**DATA SECTION:**
_____

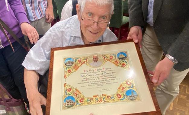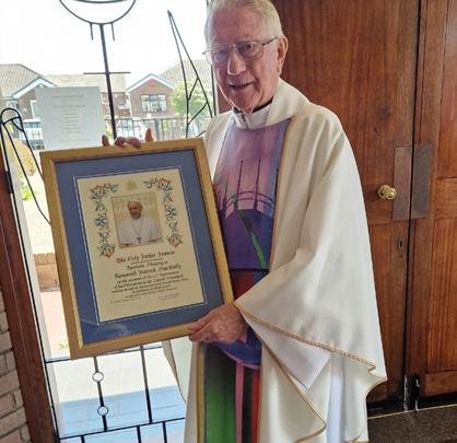 At the end of the Mass Fr Vincent was presented with a blessing from Pope Francis, in thanks and appreciation for his years of faithful service. He was very appreciative of the kindness shown to him by the parish of St Austin’s St Helens, in helping him to mark his special anniversary.
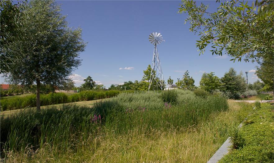 可持續(xù)水管理:使用灌溉管理原則(排放的最小化,除特殊的降水外,雨水收集和水源的回收利用;第一階段中建造水儲罐,用于灌溉);
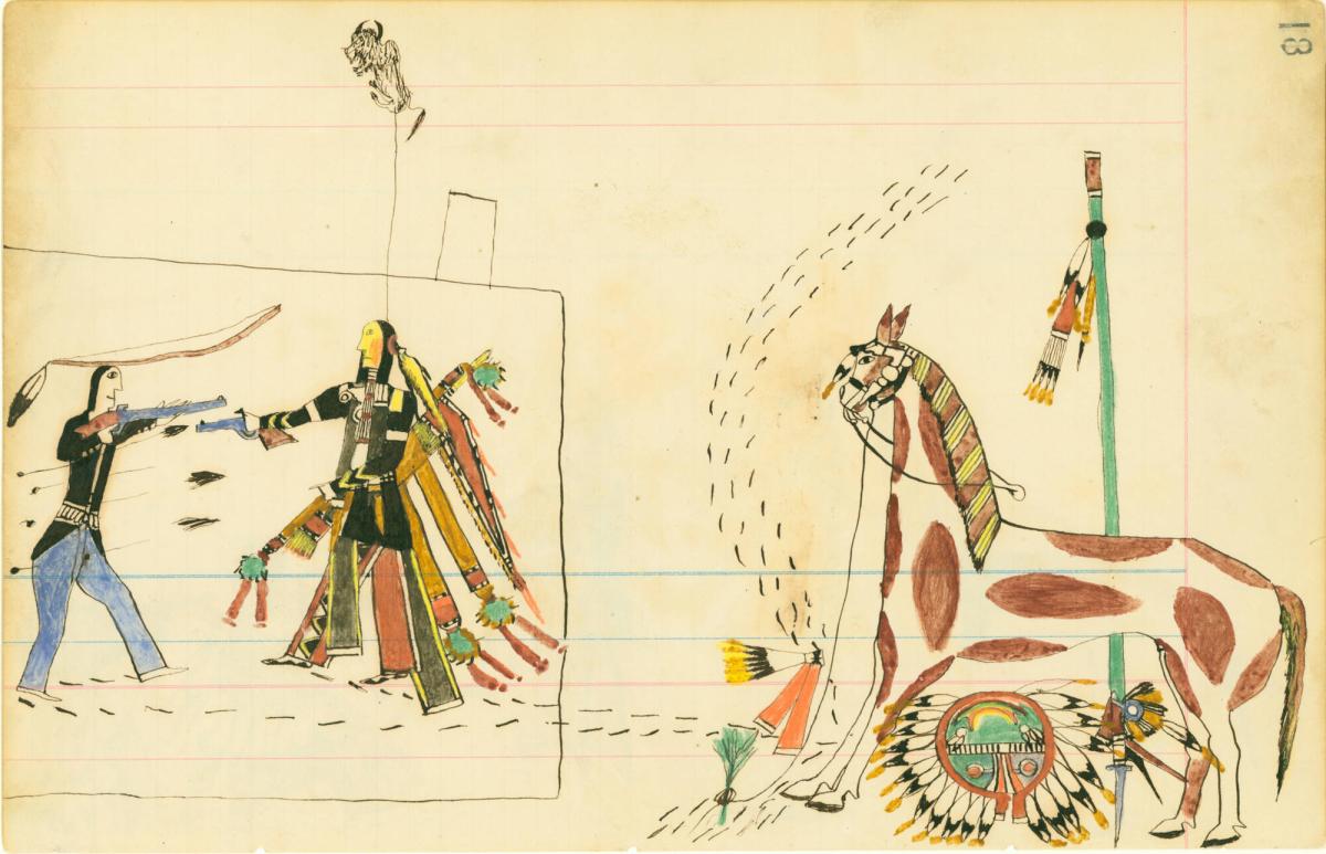 Howling Wolf’s ledger drawings—executed on ruled paper from account books used at western territory outposts—recount experiences before and after life on the reservation. Most depict warrior exploits and battles with U.S. government troops and local militia, though some of his most striking works illustrate Cheyenne ceremonies and hunting scenes. Howling Wolf’s participation in these events is indicated by the presence of his name pictogram above the scene. The majority of Howling Wolf’s drawings predate his imprisonment, although he was encouraged to continue his work while there. By 1878, Howling Wolf was released from prison and returned to the reservation, where he created at least twelve of the AMAM’s nearly thirty ledger sheets.
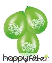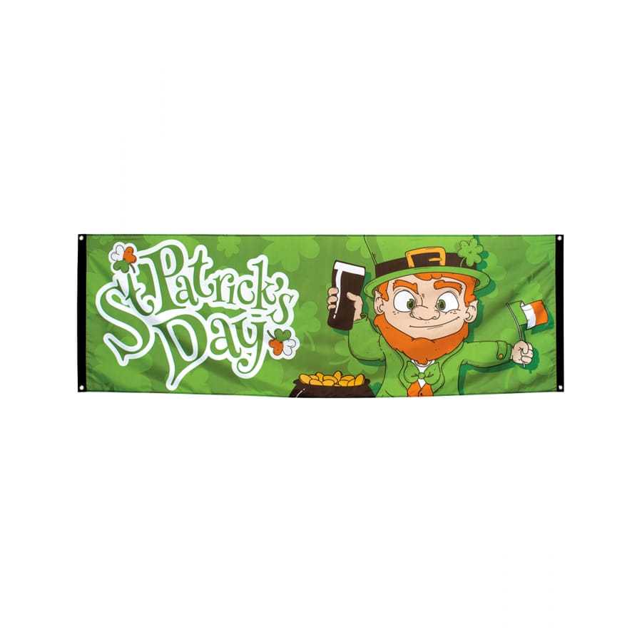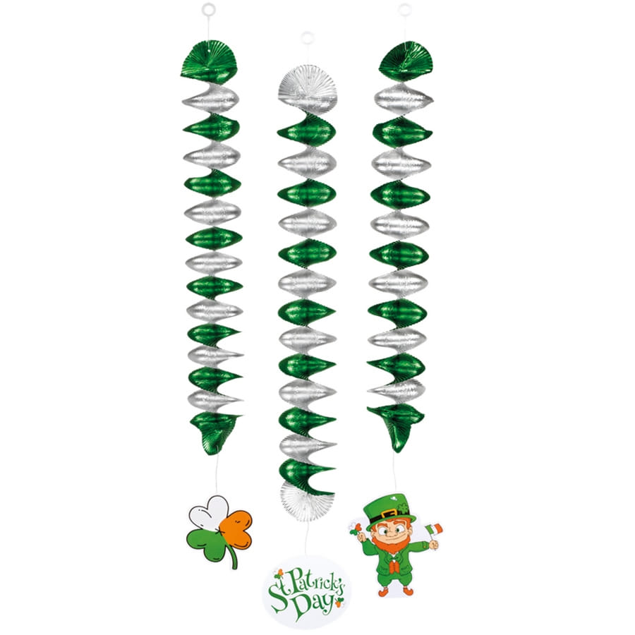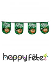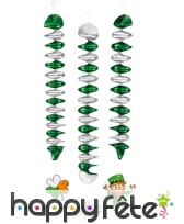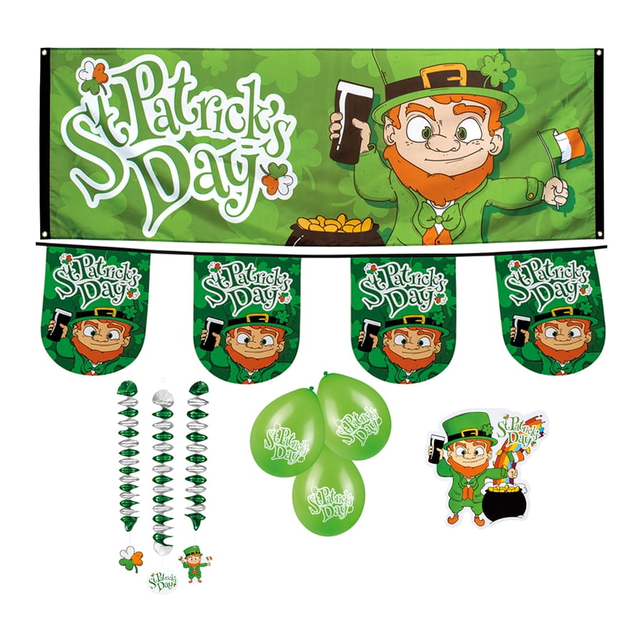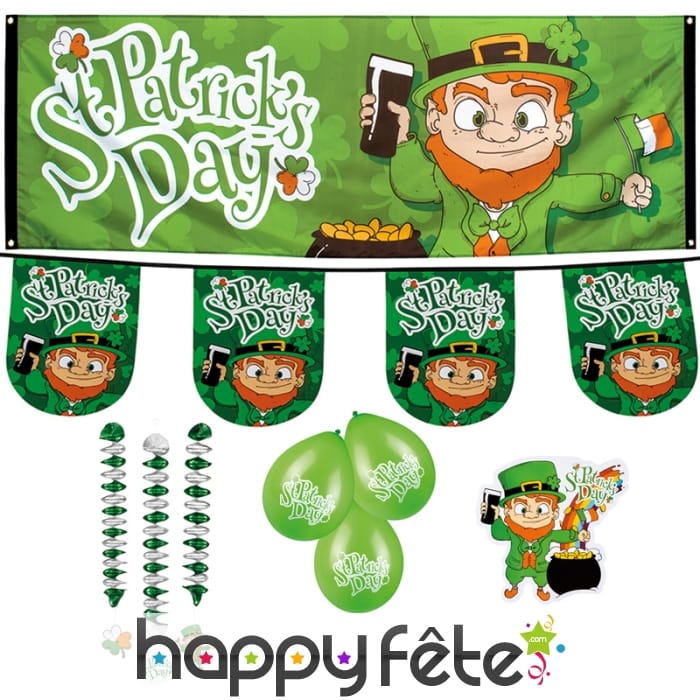 Pour ces décorations vous pourrez choisir entre: 1 banderole de 220 x 74 cm avec 4 oeillets pour le passage des ficelles d'accrochage, 3 suspensions spirales de 60 cm imitation métal, 1 décoration murale représentant le lutin de la St patrick, 1 guirlande (6m de longueur), 6 ballons de 25 cm.

_____

**THE PROBLEM:** Give back exactly the lines from the one that contains "Howling Wolf’s ledger" to the final line of the data above, both included, with all pictures removed.

**TASK RESULT:**
 Howling Wolf’s ledger drawings—executed on ruled paper from account books used at western territory outposts—recount experiences before and after life on the reservation. Most depict warrior exploits and battles with U.S. government troops and local militia, though some of his most striking works illustrate Cheyenne ceremonies and hunting scenes. Howling Wolf’s participation in these events is indicated by the presence of his name pictogram above the scene. The majority of Howling Wolf’s drawings predate his imprisonment, although he was encouraged to continue his work while there. By 1878, Howling Wolf was released from prison and returned to the reservation, where he created at least twelve of the AMAM’s nearly thirty ledger sheets.
 Pour ces décorations vous pourrez choisir entre: 1 banderole de 220 x 74 cm avec 4 oeillets pour le passage des ficelles d'accrochage, 3 suspensions spirales de 60 cm imitation métal, 1 décoration murale représentant le lutin de la St patrick, 1 guirlande (6m de longueur), 6 ballons de 25 cm.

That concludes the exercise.